Greetings and welcome to Found Sounds. My name is Daniel T. Peterson. I am multi-instrumentalist, composer, educator and researcher in Philadelphia. About 25 years ago I fell in love with The Zodiac Suite composed by Mary Lou Williams. I was already aware of Mary Lou Williams as being an important female jazz musician from before hearing the suite. That introduction was probably from The Music of Black Americans: A History by Eileen Southern and also from watching the documentary A Great Day in Harlem.
Shortly after watching the documentary a copy of the Smithsonian Folkways 50th Anniversary CD reissue of her suite found its way into my hands and into my heart. The compositions reminded me of my favorite collection of modern pianist/composers and I was thrilled by how fresh it still sounded (in 1997?). I collected more of Mary’s recordings after that but never delved deeply into her life or the background of the suite.
Fast forward to 2014. I’m in graduate school at Rutgers Jazz History & Research program. My thesis A Chronology of Long Form Jazz Compositionsfeatured the suite in a chapter. That research expanded my understanding of Mary as an artist. I used her suite to discuss the idea of suites being “large canvases” for the composers most experimental material and an example of how suites rarely are performed multiple times. In Mary’s hands the suite was only performed a few times and rarely in its entirety, but she tried to actualize many of her most ambitious ideas in those few performances.
My love for her music deepened during this research. Although there are several recommended biographies: Soul on Soul by Tammy L. Kernodle, Morning Glory by Linda Dahl and, for children, The Little Piano Girl by Ann Ingalls; I still find her life story to be entirely underrepresented in the story of American Music. I consider her an American Icon and I find it sad that so little is known about her life and her music. Her fame, and her neglect, seems to be more derived from the fact of her gender than her achievements. My writings are meant to express the achievements, and the story, of the suite but will also include some information about who she was at the time when she composed it. During my thesis research I had an idea for a future project, a portrayal of New York City through Mary and her extensive list of the suite’s portrait subjects in 1945. This writing will combine that researcher with my earlier research on the suite.
The Zodiac Suite had renewed interest in 2020, for its 75th Anniversary, and yet the story of the history of the suite is incredibly dramatic and it is still an under appreciated masterwork. I view the suite as time capsule, wrapped in a masterpiece, created by an American master. The suite’s story starts with artistic resolve and proceeds including many other stories: racial integration, a glimpse of Civil Rights movements in 1945, post WWII politics, the first integrated white club in the US, the beginnings of Modern Jazz, Folkways/Asch records, early fusion of Jazz and Classical musics, thieving European Barons, lonely artist sabbaticals and a host of brilliant characters to tell the tale. It’s a story about accomplishment and ingenuity.

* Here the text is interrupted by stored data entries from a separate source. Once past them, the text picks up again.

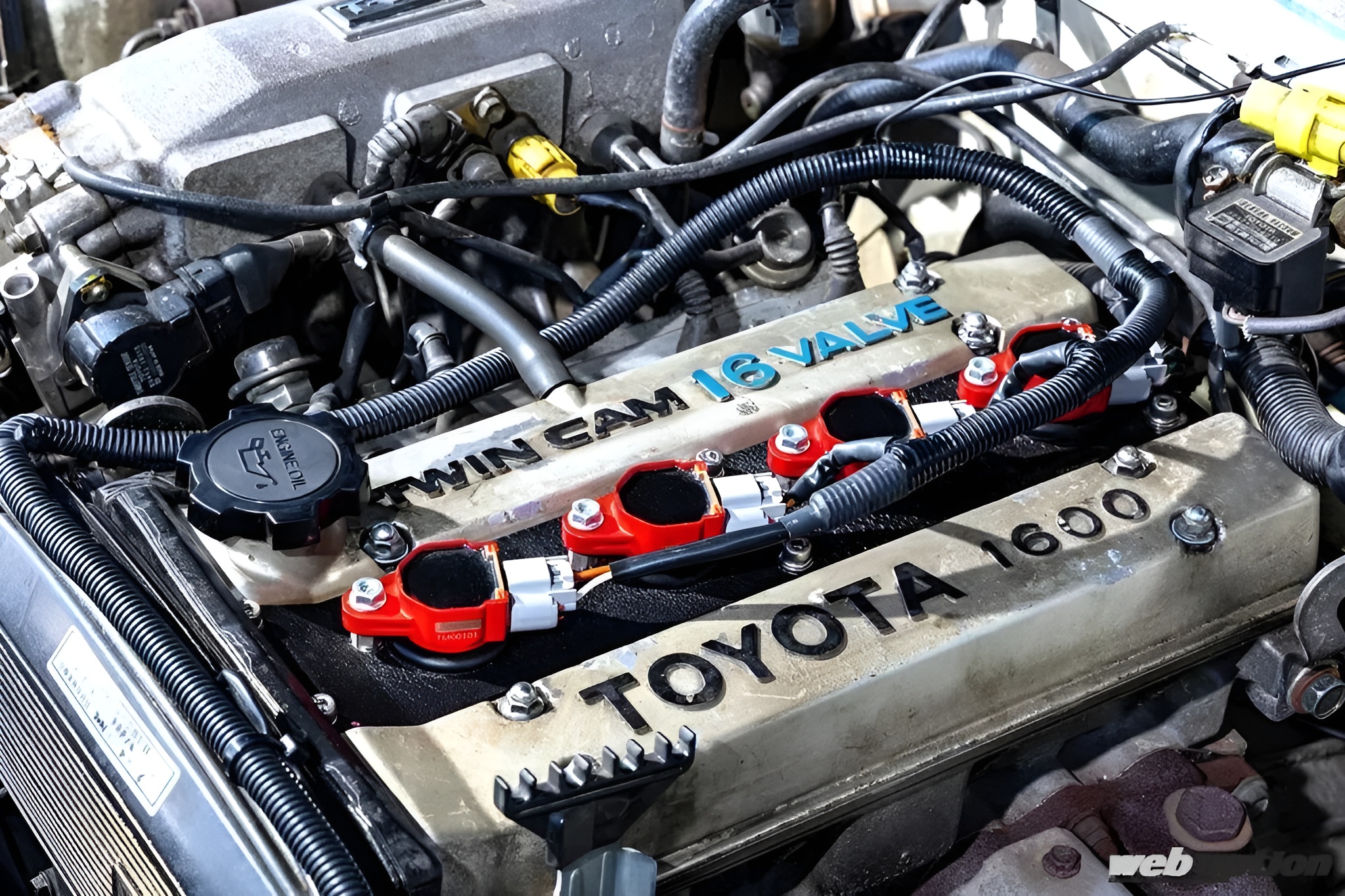 細部を見ていく。エンジンで唯一の変更点がダイレクトイグニッション化。通常はECUの変更が必要だが、TMワークスのハイパフォーマンスコイルダイレクトイグニッションキットは、ノーマルECU+配線加工なしで装着が可能。全域での安定した点火を実現し、パワーアップ&トルクアップが狙える。TMワークスでは、各種4A-G用にキットを設定しているそうだ。
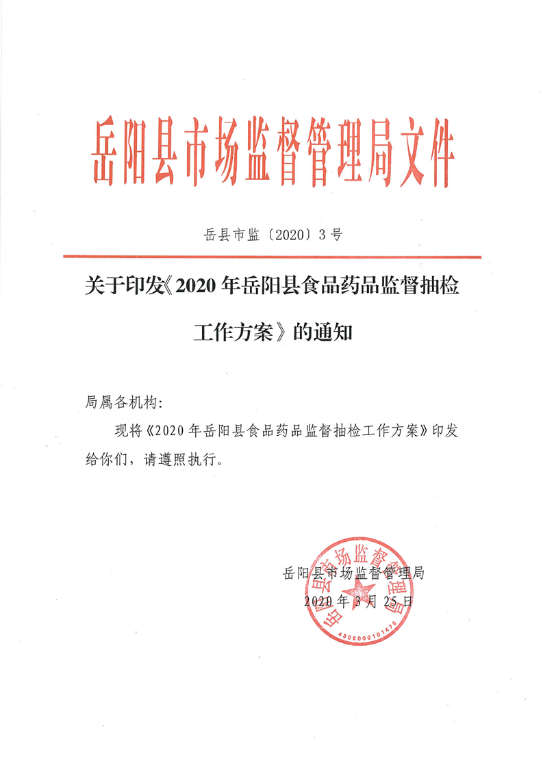 关于印发《2020年岳阳县食品药品监督抽检工作方案》的通知
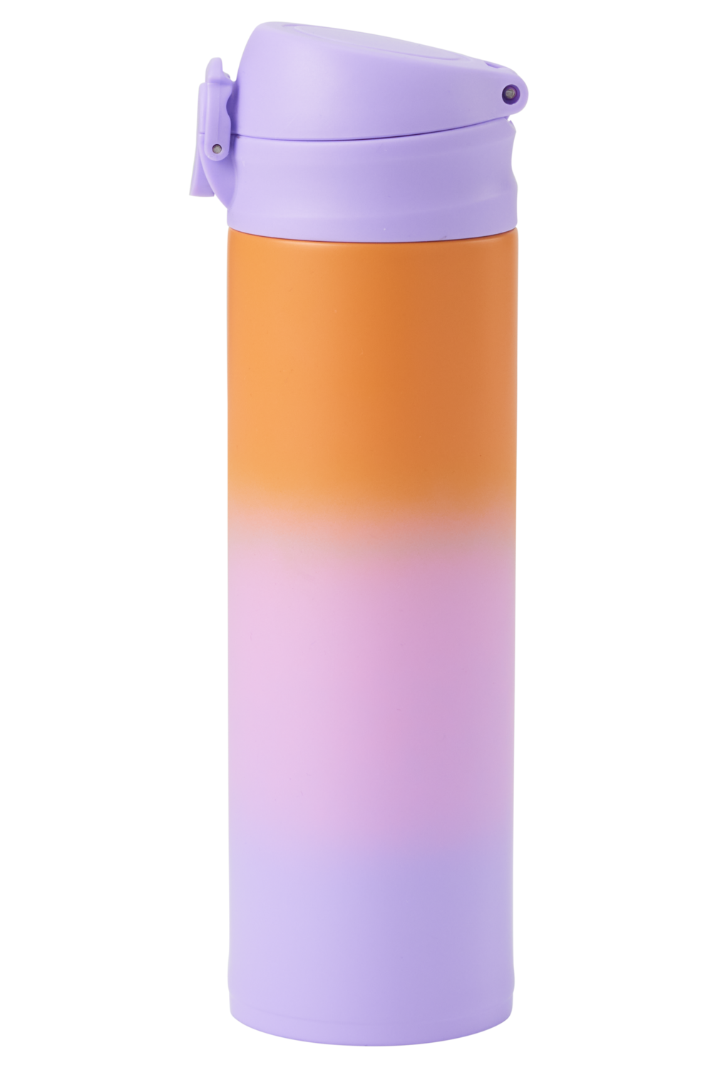 Stay hydrated gorgeous 400ml metal drink bottle from the Noted Aura range. Featuring a beautiful orange-to-purple ombre and a button operated flip-top lid with a clasp to keep the lid secure, this bottle keeps your drink hot or cold for hours.

This page will collect the story with semi-regular posts, beginning with the history and creation of the suite. Then continuing with the iterations of the suite and each movement. There are dozens of important historical figures and threads to follow and music to hear. Everything will be embedded with a link to offer a more fulfilling experience and to indulge your own explorative inclinations. If you notice a “bad” link please make me aware. And just to be clear Mary Lou’s interest in Astrology is minimal she chose it as an enticing vessel to create with, the rewards here are musical and historical.